Fly-fishing captains scout shallow waters for the sport of it

Capt. Andrew Derr at Gull Pond in Greenport. (Credit: David Benthal)

The flat skiff hugs the Long Island shoreline, its humming engine breaking the quiet of the early morning before going silent as the boat reaches shallow water. It’s so shallow, you’re tempted to reach out a hand and see if you can touch the bottom, except you’d likely scare away the fish.

Standing on the platform of the skiff, Captain Andrew Derr guides the boat stealthily through the currents with a pole while searching for striped bass.

Set aside what you think you know about fly-fishing. This is not the country gentleman gracefully casting a line in some beautiful stream while searching for trout. This is Long Island fly-fishing.

“It’s so visual. You’re watching everything happen, even the things you don’t catch. You see the fish, present the fly and see what happens. It’s a neat little tête-à-tête,” says Derr, who earned his captain’s license in Florida in the 1990s and has been running fly-fishing charters out of Greenport from late spring through November for about 12 years.

In fly-fishing, anglers use an almost weightless lure, often made from materials like feathers and thread, called a “fly,” named for its insectlike appearance. Saltwater fly-fishing is a growing sport on Long Island, with a handful of captains like Derr running exclusive charters.

“It’s a great sport and it’s gained some popularity,” says Captain Vinny Catalano, who has been running fly-fishing charters for 15 years. “A lot of guys start just regular fishing, but then as they want to challenge themselves, they get into fly-fishing. It’s the hardest way to catch them, you’re playing the tough game.”
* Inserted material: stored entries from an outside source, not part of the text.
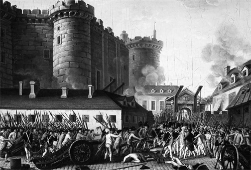 巴士底狱的攻陷:1789年7月14日,巴黎民众攻陷巴士底狱,标志着法国大革命的爆发。巴士底狱象征着王权的压迫,攻陷它不仅是对暴政的反抗,也成为革命精神的象征。这一天后来被定为法国国庆日。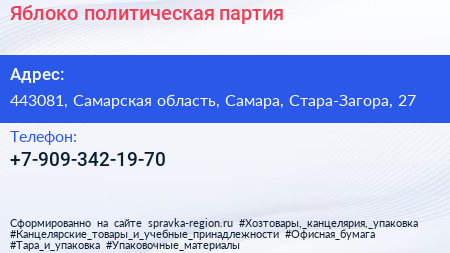 Яблоко, политическая партия по адресу 443081, Самарская область, Самара, Стара-Загора, 27 в дальнейшем Организация, размещена в следующих категориях: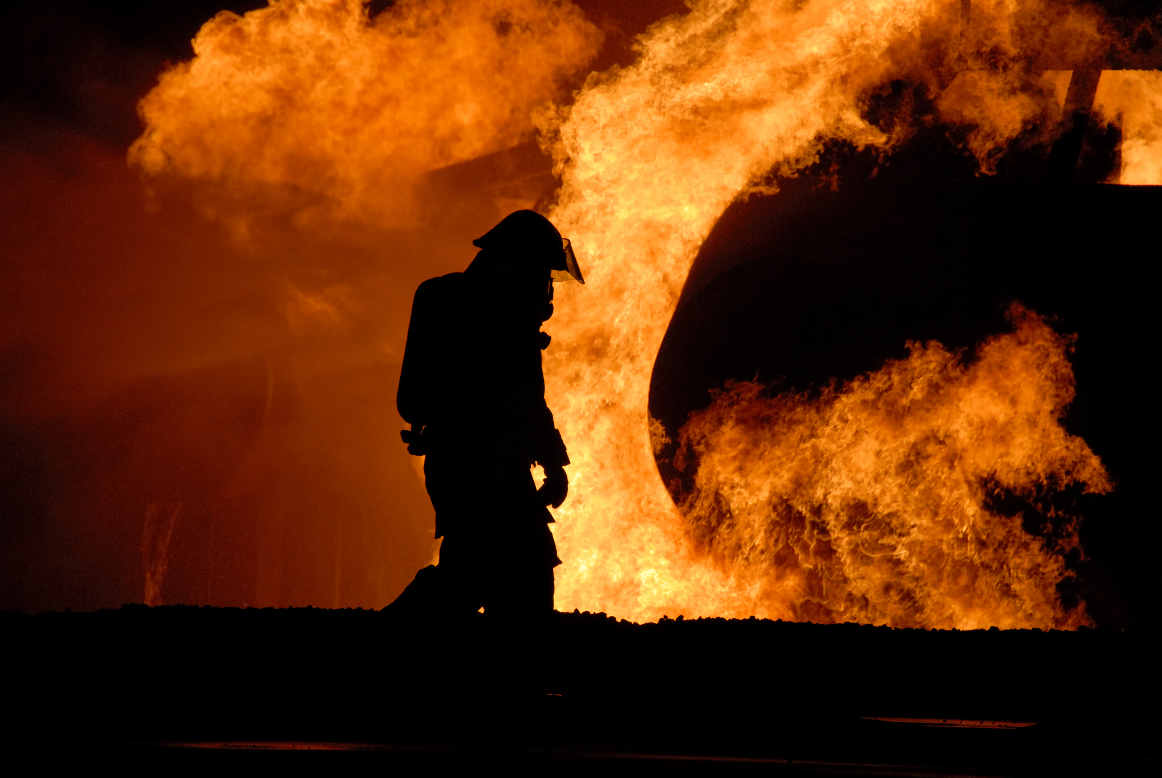 Description: A firefighter standing in front of a large fire with flames coming out of it's back and a huge fire in the background.

During the late spring Catalano takes clients out around the entire North Shore of Long Island, the North Fork and Montauk looking for striped bass in small flat boats that can go close to shore. Like Derr, as the waters warm up he switches to a bigger boat, fishing for striped bass, bluefish and albacore tuna farther offshore.

There’s not much you need to get started fly-fishing, except for some patience and perhaps the ability to not be embarrassed when you make a mistake. Both Derr and Catalano provide the gear: fly rods, spinning rods, flies, lures, etc., and offer half-day and full-day charters. Prices start at around $450 for a half day. The fall tends to be the more popular time for serious anglers and boat charters are booked quickly. In the flat skiffs, Derr and Catalano will take out a maximum of two anglers at a time and suggest that no more than three is best in the 23-foot boats used offshore.

Most Long Island fly-fishing charters practice catch and release, the captains said.

For Derr and Catalano fly-fishing is more about the sport, the camaraderie that comes from chasing the fish, sharing in someone’s catch and the pure joy of being on the water. Each man has probably seen more sunrises than most, not to mention more sunfish, humpback whales and dolphins.

“It’s an office you can’t beat,” Catalano said.